# [ABOUT THIS EXERCISE]
Please retype the listing exactly as it appears, skipping each picture.

##### MATERIAL FOR THE TASK #####

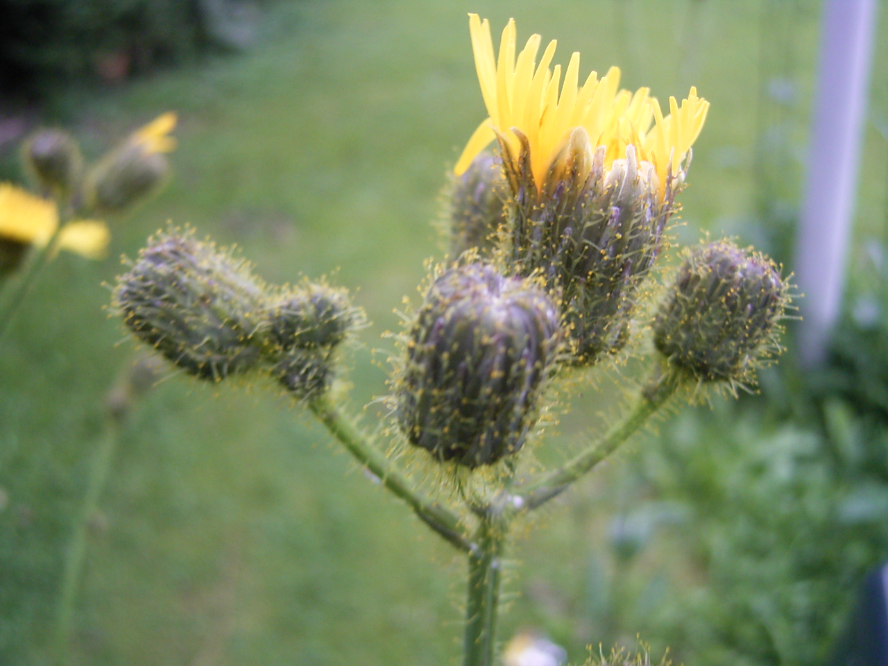 This photo shows the back of the flowerhead of Sonchus arvensis. I took this photo today in The Hague, Netherlands.
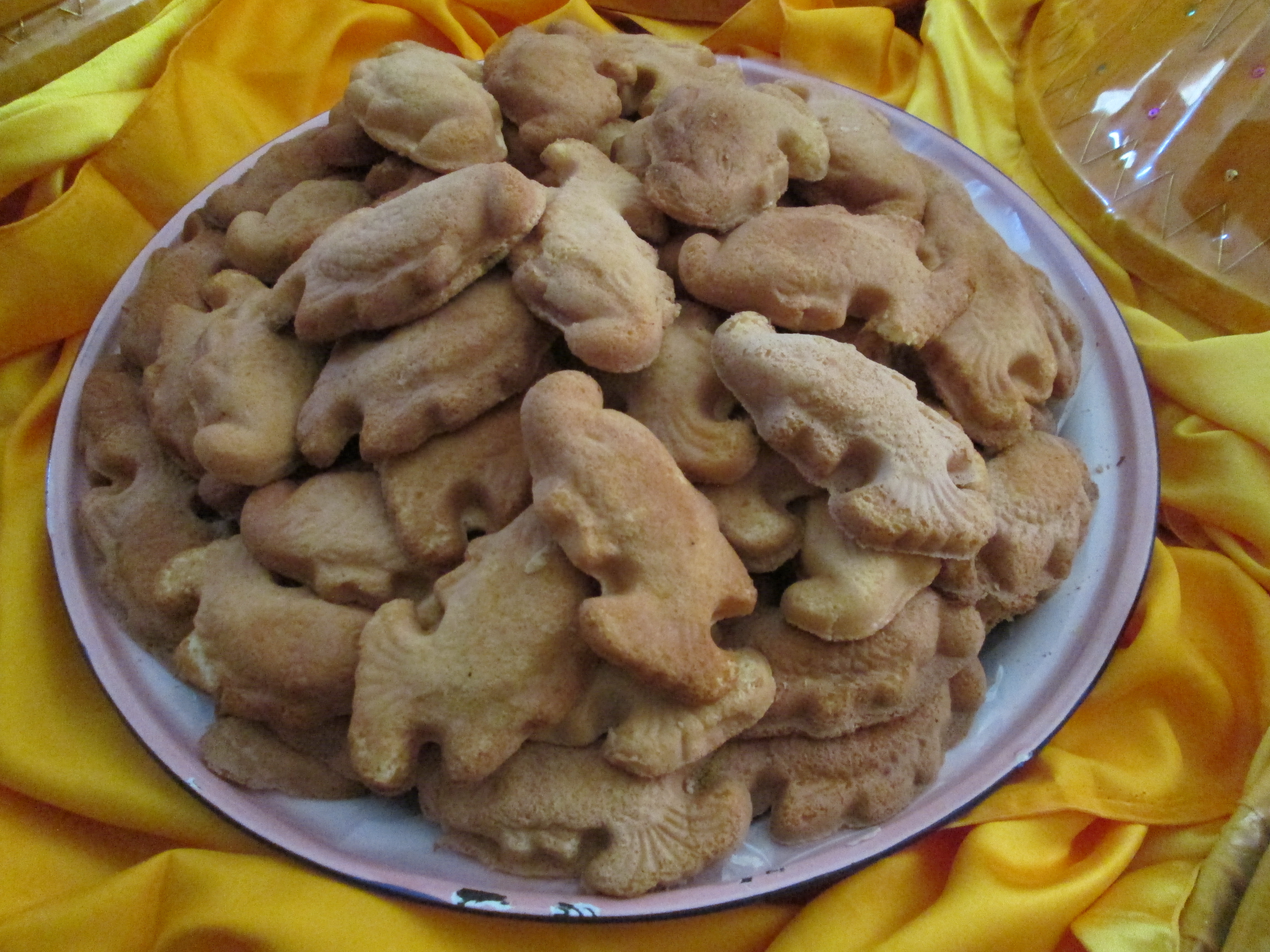 Bhôi, a kind of Acehnese cakes
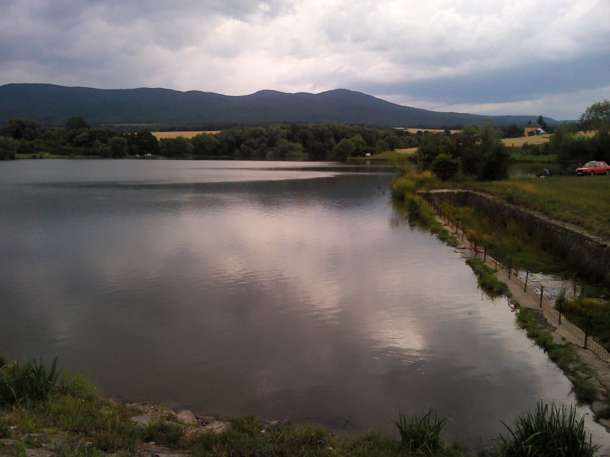 Sečovce reservoir located on the west of Sečovce cadastral area, built in 1971 on Trnávka stream.
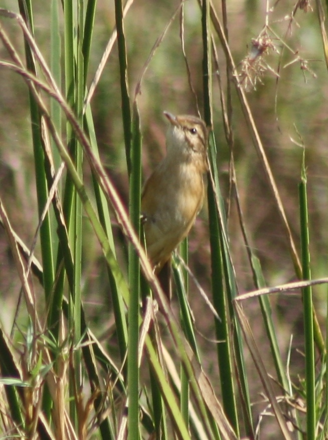 Paddyfield Warbler Acrocephalus agricola. Showing front side. At Dombivli, Maharashtra.
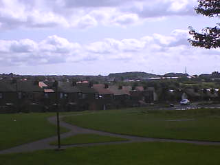 Burslem, Stoke-on-Trent, Staffordshire. Photograph taken whilst facing Vale Park.
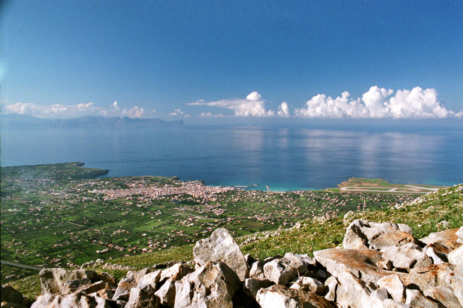 Terrasini, Italy Overview from a mountain, left from the city the Calarossa bay, on the right border of the image the airport of Palermo
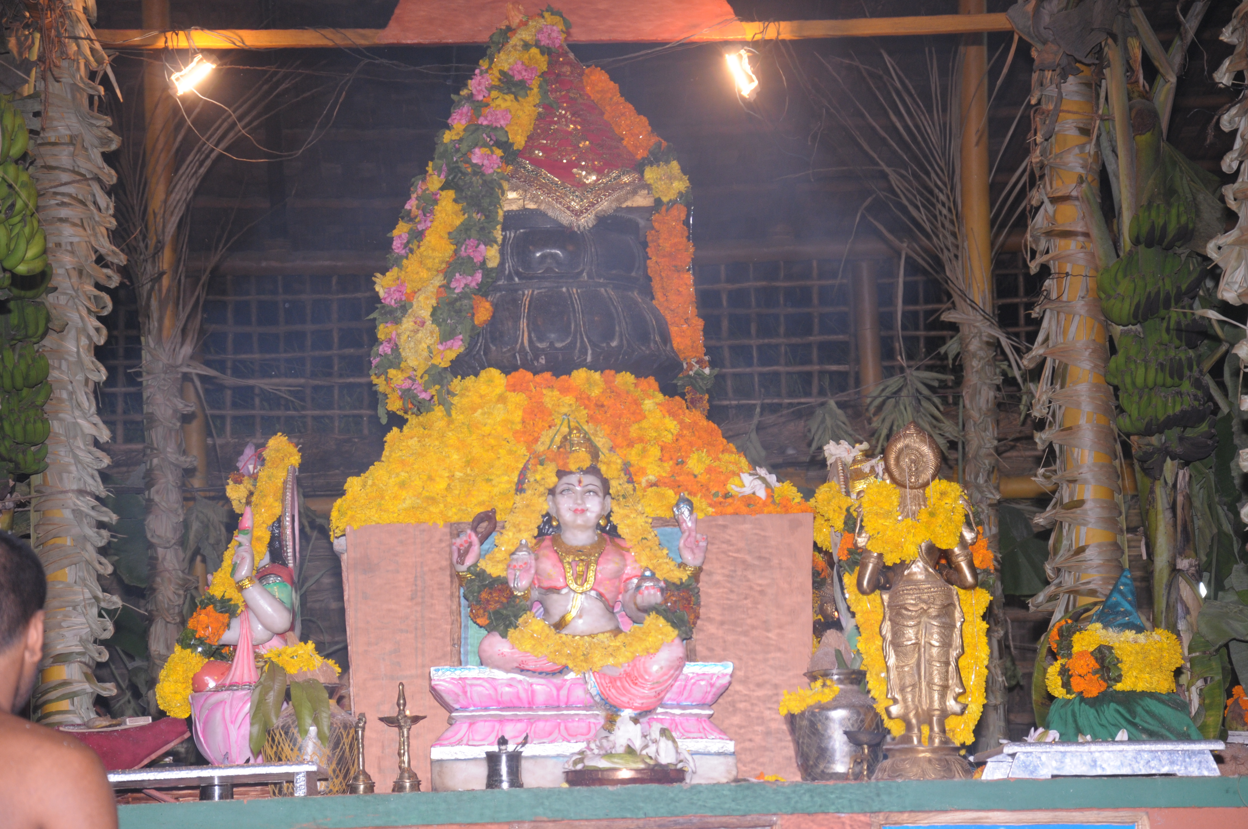 srichakra peetham at ahoratram yagasala
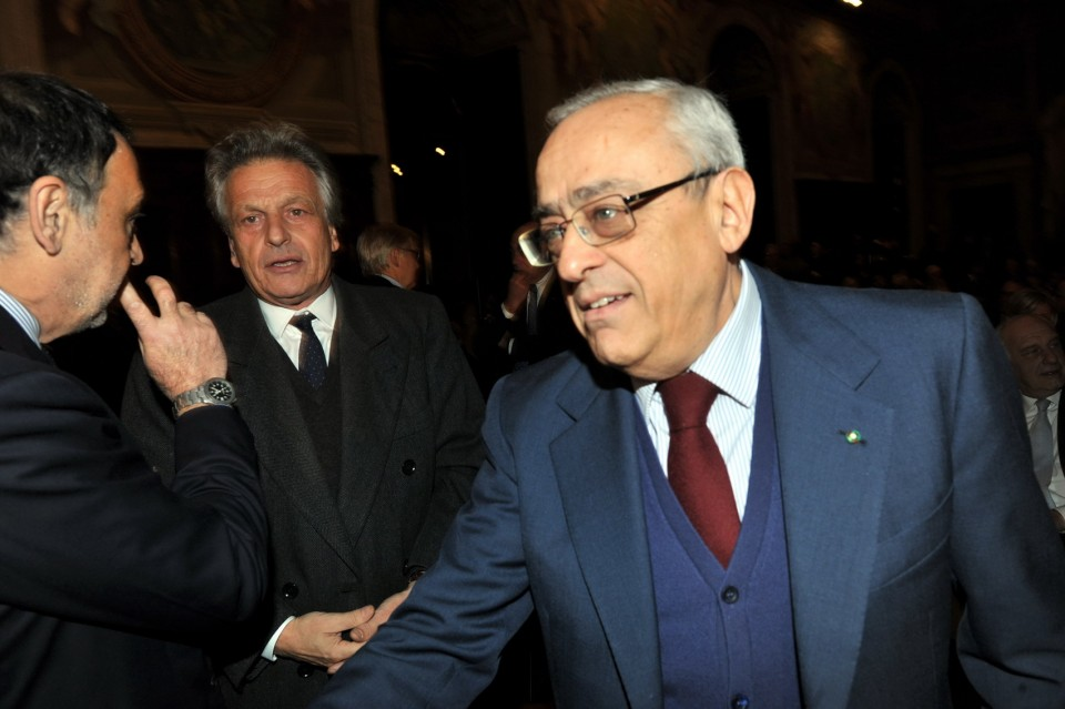 President Francesco Gaetano Caltagirone at the “Restyling Party” for the Il Messaggero newspaper, held in Milan in December 2012.
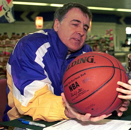 Cropped version of Ryan Caron (not shown), a five-year old dependant at Royal Air Force (RAF), Lakenheath, UK gets National Basketball Association (NBA) Hall-of-Famer Gail Goodrich to autograph his basketball. Mr. Goodrich is part of the 3RD Annual Hardcourt Hero's European Tour, where former NBA players are visiting 13 United States military bases throughout England and Germany. (Released to Public)
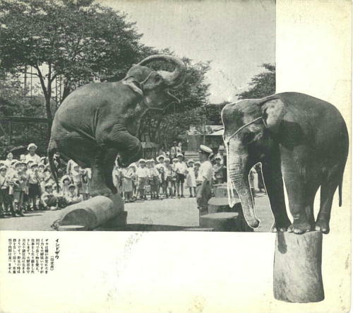 A elephant of Ueno Zoo. A photograph before 1937. Japan.
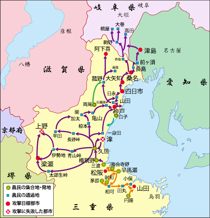 This is a map to explain the Riot of Ise or Ise Bodo in Mie, Aichi and Gifu prefecture, Japan.
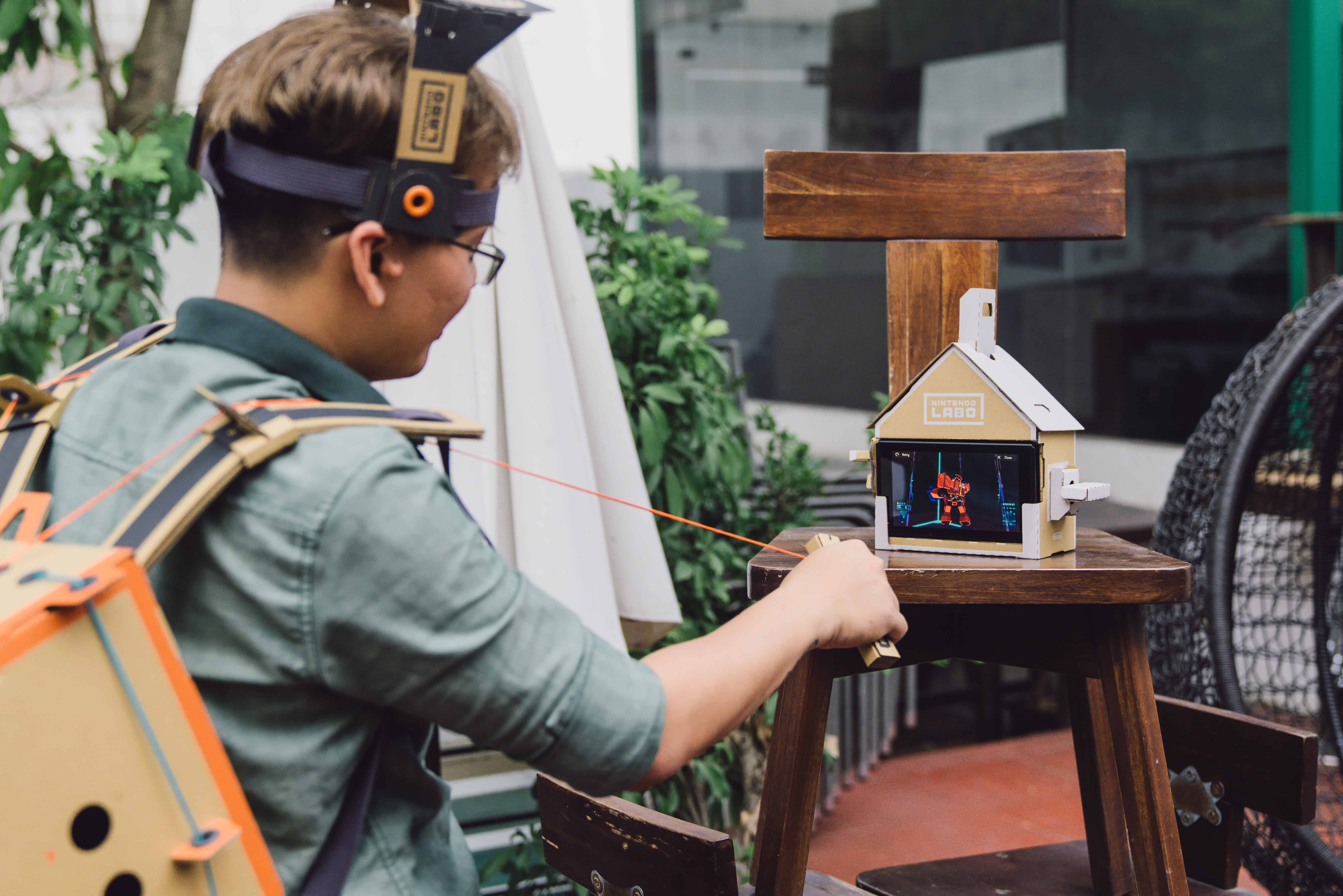 The Robot Kit for Nintendo Lab in action. While there is copyrighted content on screen, it is considered de minimus to the overall picture to show the physical use of the kit.

#####

# [RESPONSE TO THE TASK]
 This photo shows the back of the flowerhead of Sonchus arvensis. I took this photo today in The Hague, Netherlands.
 Bhôi, a kind of Acehnese cakes
 Sečovce reservoir located on the west of Sečovce cadastral area, built in 1971 on Trnávka stream.
 Paddyfield Warbler Acrocephalus agricola. Showing front side. At Dombivli, Maharashtra.
 Burslem, Stoke-on-Trent, Staffordshire. Photograph taken whilst facing Vale Park.
 Terrasini, Italy Overview from a mountain, left from the city the Calarossa bay, on the right border of the image the airport of Palermo
 srichakra peetham at ahoratram yagasala
 President Francesco Gaetano Caltagirone at the “Restyling Party” for the Il Messaggero newspaper, held in Milan in December 2012.
 Cropped version of Ryan Caron (not shown), a five-year old dependant at Royal Air Force (RAF), Lakenheath, UK gets National Basketball Association (NBA) Hall-of-Famer Gail Goodrich to autograph his basketball. Mr. Goodrich is part of the 3RD Annual Hardcourt Hero's European Tour, where former NBA players are visiting 13 United States military bases throughout England and Germany. (Released to Public)
 A elephant of Ueno Zoo. A photograph before 1937. Japan.
 This is a map to explain the Riot of Ise or Ise Bodo in Mie, Aichi and Gifu prefecture, Japan.
 The Robot Kit for Nintendo Lab in action. While there is copyrighted content on screen, it is considered de minimus to the overall picture to show the physical use of the kit.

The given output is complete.